WORK INSTRUCTIONS:
Copy without pictures. Please restate each line of the listing exactly.

SUPPLIED INFORMATION:
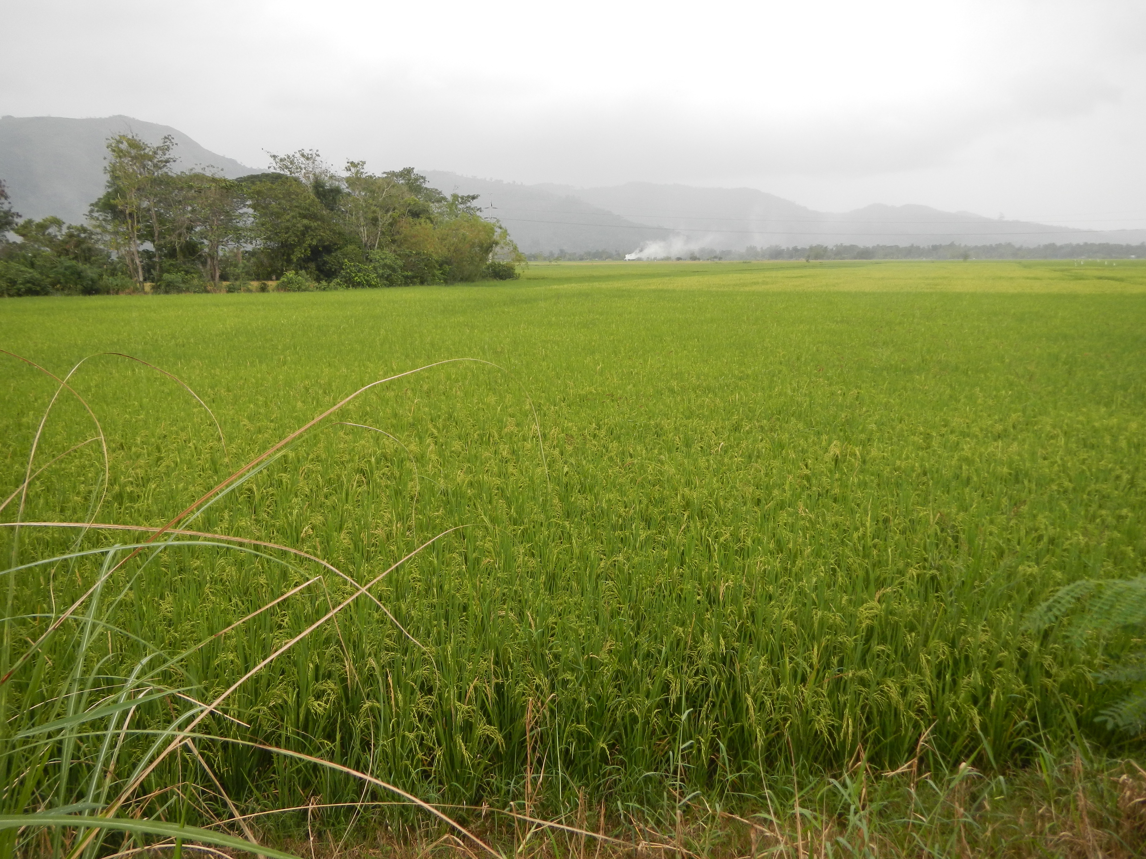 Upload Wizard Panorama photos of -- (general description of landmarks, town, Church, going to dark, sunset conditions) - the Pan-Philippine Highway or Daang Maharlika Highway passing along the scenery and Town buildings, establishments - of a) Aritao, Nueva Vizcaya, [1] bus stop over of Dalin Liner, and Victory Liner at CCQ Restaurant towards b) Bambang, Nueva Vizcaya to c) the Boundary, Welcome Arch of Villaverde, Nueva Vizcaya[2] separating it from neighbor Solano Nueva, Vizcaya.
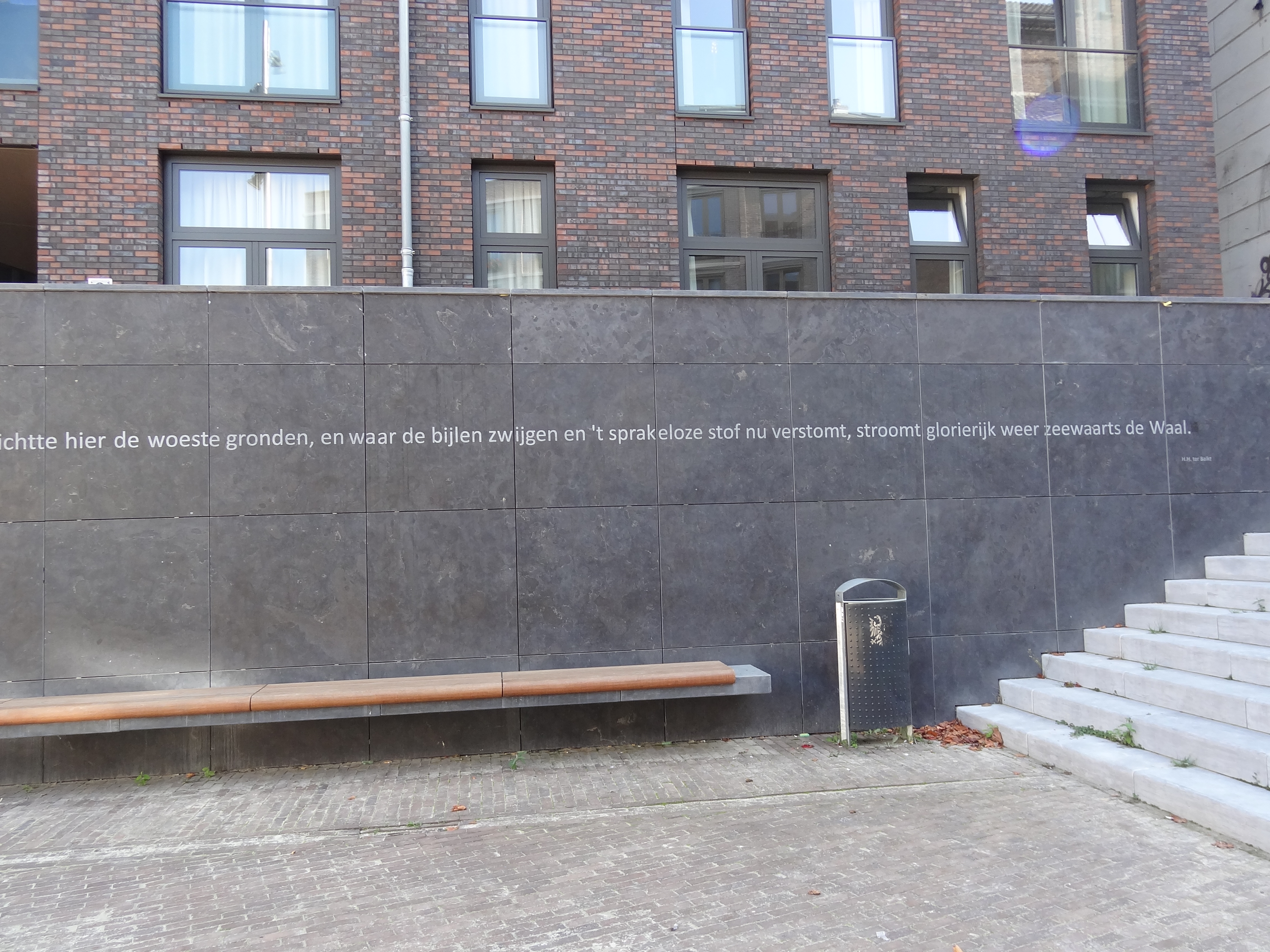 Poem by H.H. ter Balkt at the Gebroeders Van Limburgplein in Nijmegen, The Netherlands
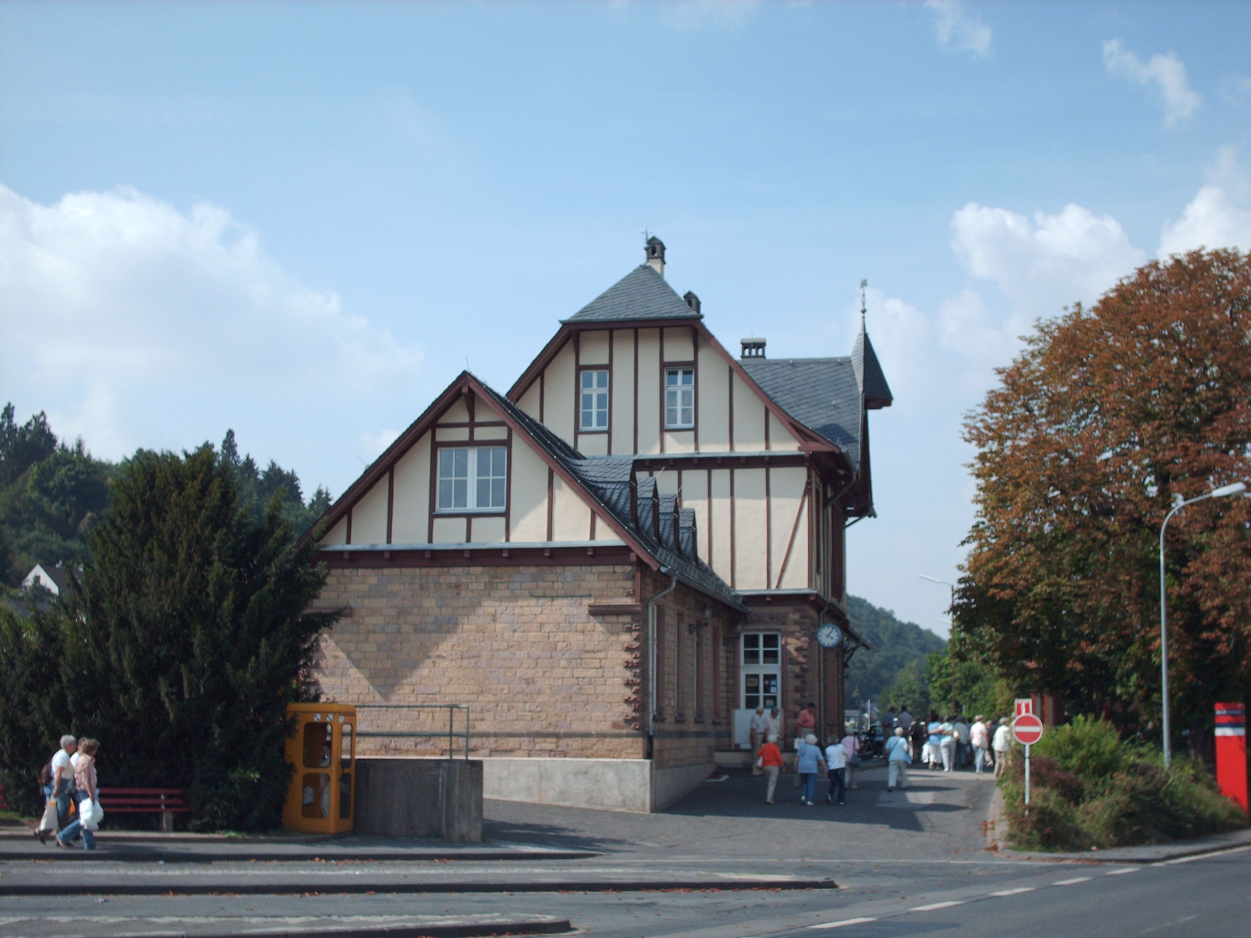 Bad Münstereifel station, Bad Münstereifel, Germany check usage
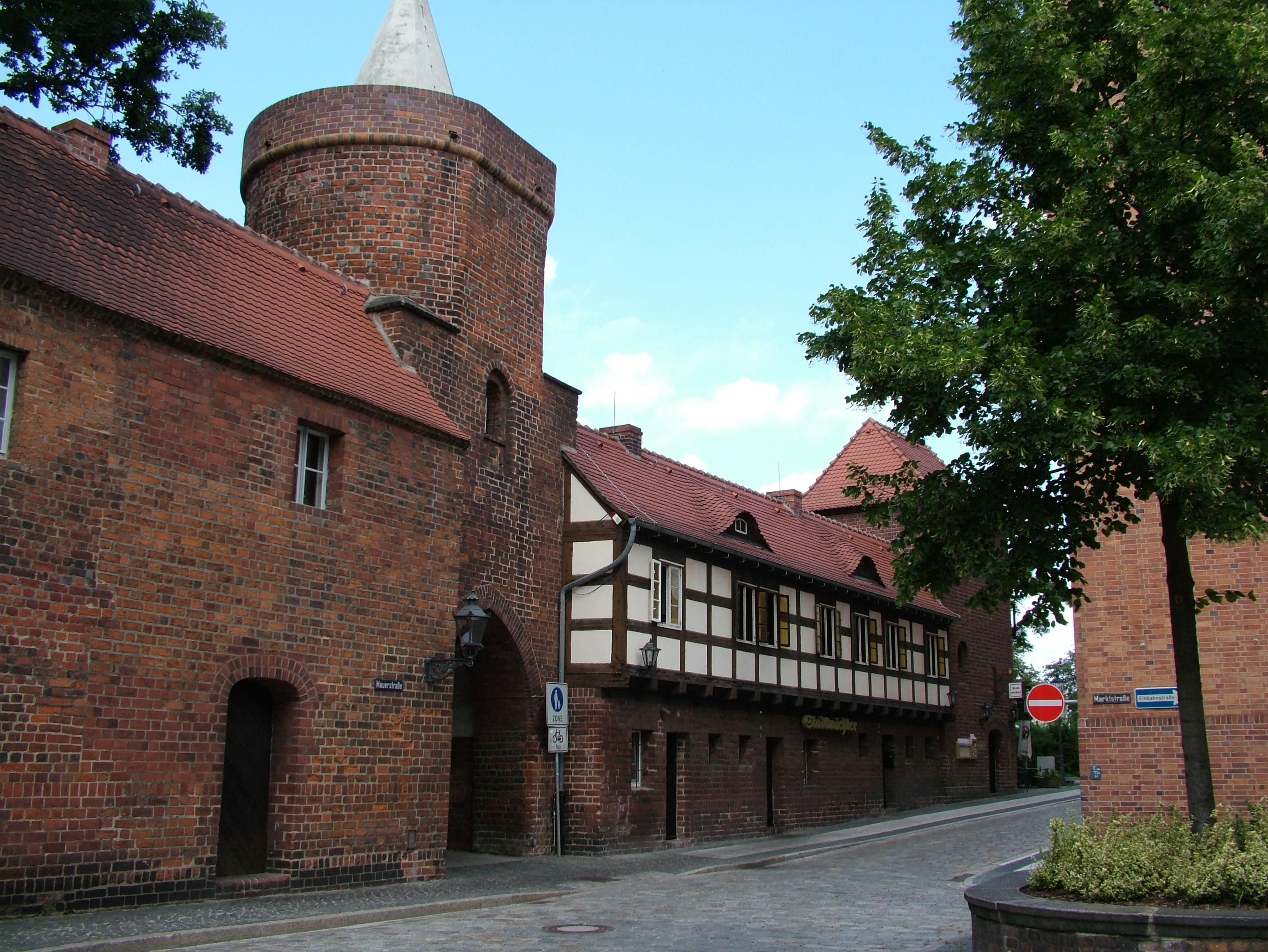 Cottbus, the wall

ANSWER BOX:
 Upload Wizard Panorama photos of -- (general description of landmarks, town, Church, going to dark, sunset conditions) - the Pan-Philippine Highway or Daang Maharlika Highway passing along the scenery and Town buildings, establishments - of a) Aritao, Nueva Vizcaya, [1] bus stop over of Dalin Liner, and Victory Liner at CCQ Restaurant towards b) Bambang, Nueva Vizcaya to c) the Boundary, Welcome Arch of Villaverde, Nueva Vizcaya[2] separating it from neighbor Solano Nueva, Vizcaya.
 Poem by H.H. ter Balkt at the Gebroeders Van Limburgplein in Nijmegen, The Netherlands
 Bad Münstereifel station, Bad Münstereifel, Germany check usage
 Cottbus, the wall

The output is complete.